Open cjnolet opened 5 years ago
This sounds the same as kNN!? Not sure I got you here @cjnolet. Can you elaborate, please?
Rather than it returning the closest neighbors, it is only returning the neighbors that are within a specific distance. For instance, we are doing this on DBSCAN already w/ the eps
parameters (basically filtering the pairwise distance matrix based on some epsilon).
https://en.wikipedia.org/wiki/Neighbourhood_(mathematics)
You can accomplish this with the k-nn distance matrix if you set k = n
, for instance, but it's something that, to my knowledge, does not exist yet (in reusable form) in cuml.

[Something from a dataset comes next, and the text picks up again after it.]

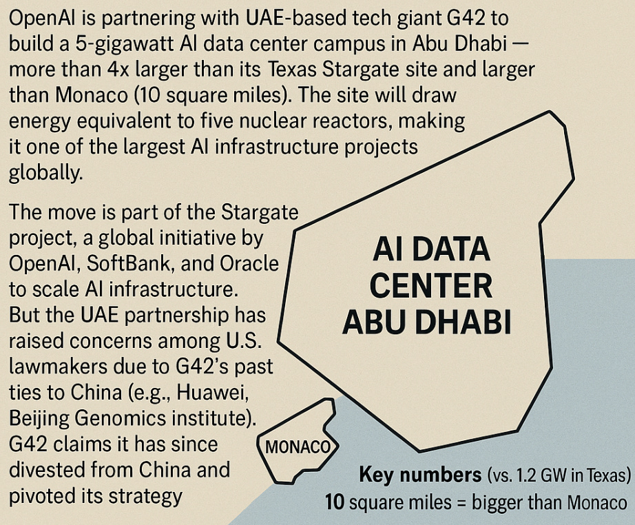 OpenAI’s Next AI Superhub in Abu Dhabi Will Be Bigger Than MonacoOpenAI is partnering with UAE-based tech giant G42 to build a 5-gigawatt AI data center campus in Abu Dhabi — more than 4x larger than its Texas Stargate site and larger than Monaco (10 square miles). The site will draw energy equivalent to five nuclear reactors, making it one of the largest AI infrastructure projects globally. The move is part of the Stargate project, a global initiative by OpenAI, SoftBank, and Oracle to scale AI infrastructure. However, the UAE partnership has raised concerns among U.S. lawmakers due to G42’s past ties to China, such as its association with Huawei and the Beijing Genomics Institute. G42 claims it has since divested from China and pivoted its strategy. Key numbers:
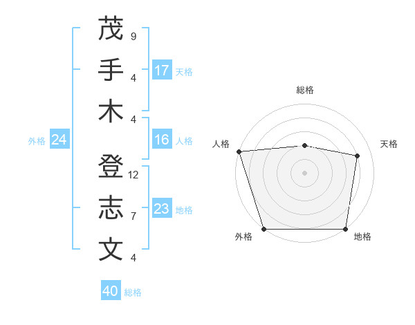 茂手木 登志文さんを姓名の画数から五運を鑑定

Here's the sklearn API for NearestNeighbors (which is the sklearn equivalent for cuml's current kNN implementation): https://scikit-learn.org/stable/modules/generated/sklearn.neighbors.NearestNeighbors.html#sklearn.neighbors.NearestNeighbors
Notice the methods kneighbors()
and radius_neighbors()
.
ah.. got it. Thanks Corey for the explanation.
We now have a prim for building adjacency matrices out of epsilon neighborhoods:
size_t epsilon_neighborhood(T *a, T *b, bool *adj, int m, int n, int k, T eps,
void *workspace, size_t worksize, cudaStream_t stream)
DBSCAN is already doing this, as it uses the eps value to determine the the edges of the adjacency graph. It should not be too hard to perform the same batching that DBSCAN is performing, whilst thresholding the distance matrix and returning the resulting vectors.